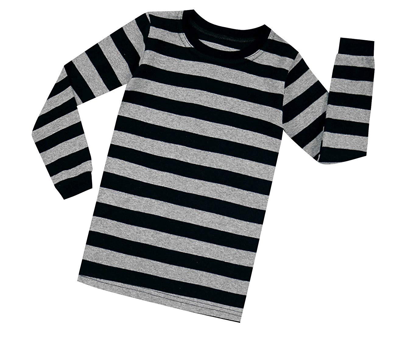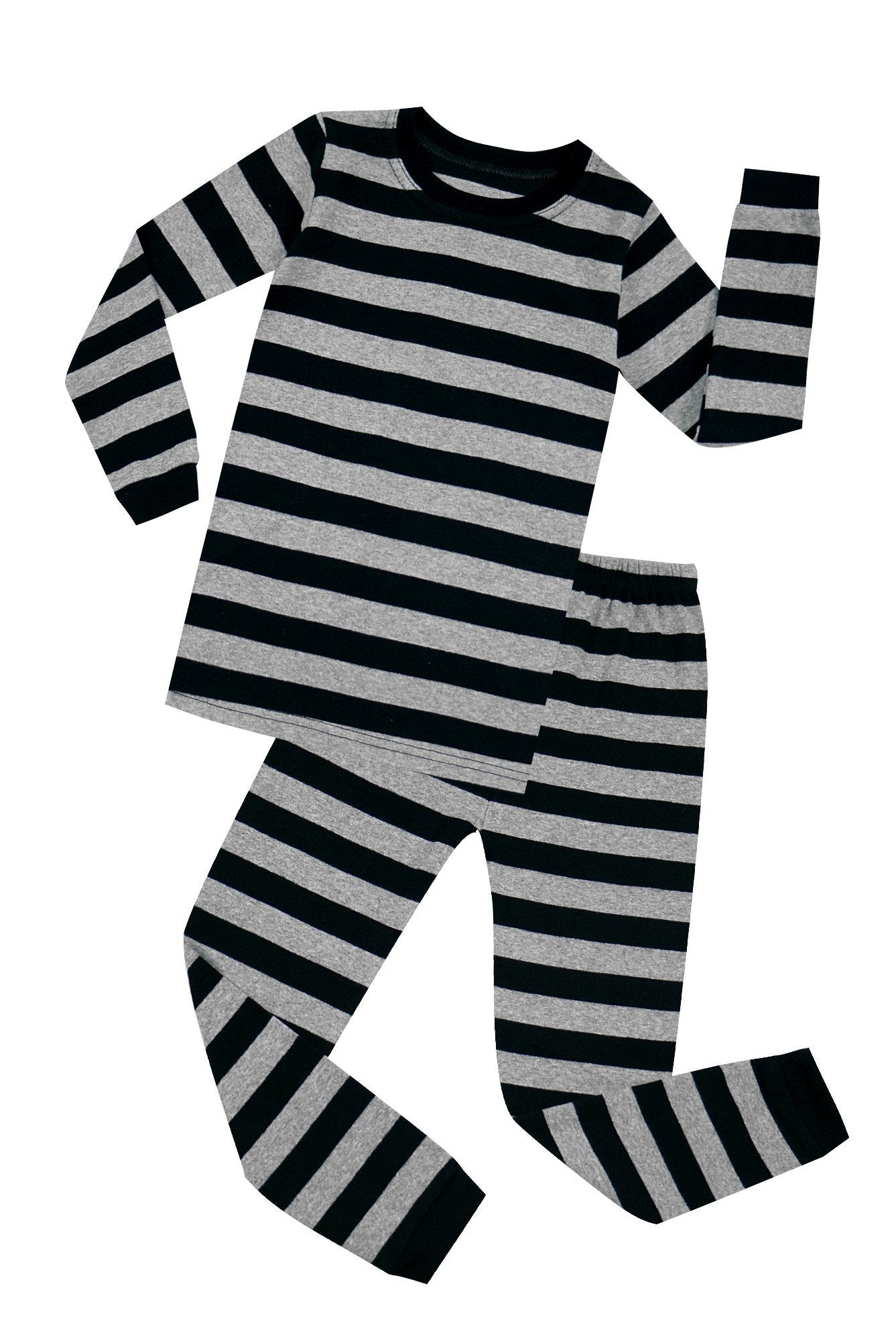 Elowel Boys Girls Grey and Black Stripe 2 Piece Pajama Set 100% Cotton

--

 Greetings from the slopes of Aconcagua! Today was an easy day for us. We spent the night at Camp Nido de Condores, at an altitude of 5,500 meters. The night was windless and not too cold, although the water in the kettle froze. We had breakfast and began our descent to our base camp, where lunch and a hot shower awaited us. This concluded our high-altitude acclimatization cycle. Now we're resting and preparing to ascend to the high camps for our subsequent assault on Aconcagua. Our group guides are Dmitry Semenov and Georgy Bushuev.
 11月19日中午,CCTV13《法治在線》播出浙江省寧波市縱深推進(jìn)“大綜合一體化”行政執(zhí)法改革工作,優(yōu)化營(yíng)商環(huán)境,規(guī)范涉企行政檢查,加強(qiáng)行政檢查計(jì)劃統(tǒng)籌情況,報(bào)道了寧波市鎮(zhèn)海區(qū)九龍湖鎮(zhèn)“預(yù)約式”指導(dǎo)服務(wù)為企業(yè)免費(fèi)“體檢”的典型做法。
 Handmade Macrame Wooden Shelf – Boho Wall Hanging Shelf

# PROBLEM DETAILS
Above are some records; copy exactly the lines from the one with "Greetings from the" through the one with "Handmade Macrame Wooden", both included, and no others.

# ANSWER BELOW
 Greetings from the slopes of Aconcagua! Today was an easy day for us. We spent the night at Camp Nido de Condores, at an altitude of 5,500 meters. The night was windless and not too cold, although the water in the kettle froze. We had breakfast and began our descent to our base camp, where lunch and a hot shower awaited us. This concluded our high-altitude acclimatization cycle. Now we're resting and preparing to ascend to the high camps for our subsequent assault on Aconcagua. Our group guides are Dmitry Semenov and Georgy Bushuev.
 11月19日中午,CCTV13《法治在線》播出浙江省寧波市縱深推進(jìn)“大綜合一體化”行政執(zhí)法改革工作,優(yōu)化營(yíng)商環(huán)境,規(guī)范涉企行政檢查,加強(qiáng)行政檢查計(jì)劃統(tǒng)籌情況,報(bào)道了寧波市鎮(zhèn)海區(qū)九龍湖鎮(zhèn)“預(yù)約式”指導(dǎo)服務(wù)為企業(yè)免費(fèi)“體檢”的典型做法。
 Handmade Macrame Wooden Shelf – Boho Wall Hanging Shelf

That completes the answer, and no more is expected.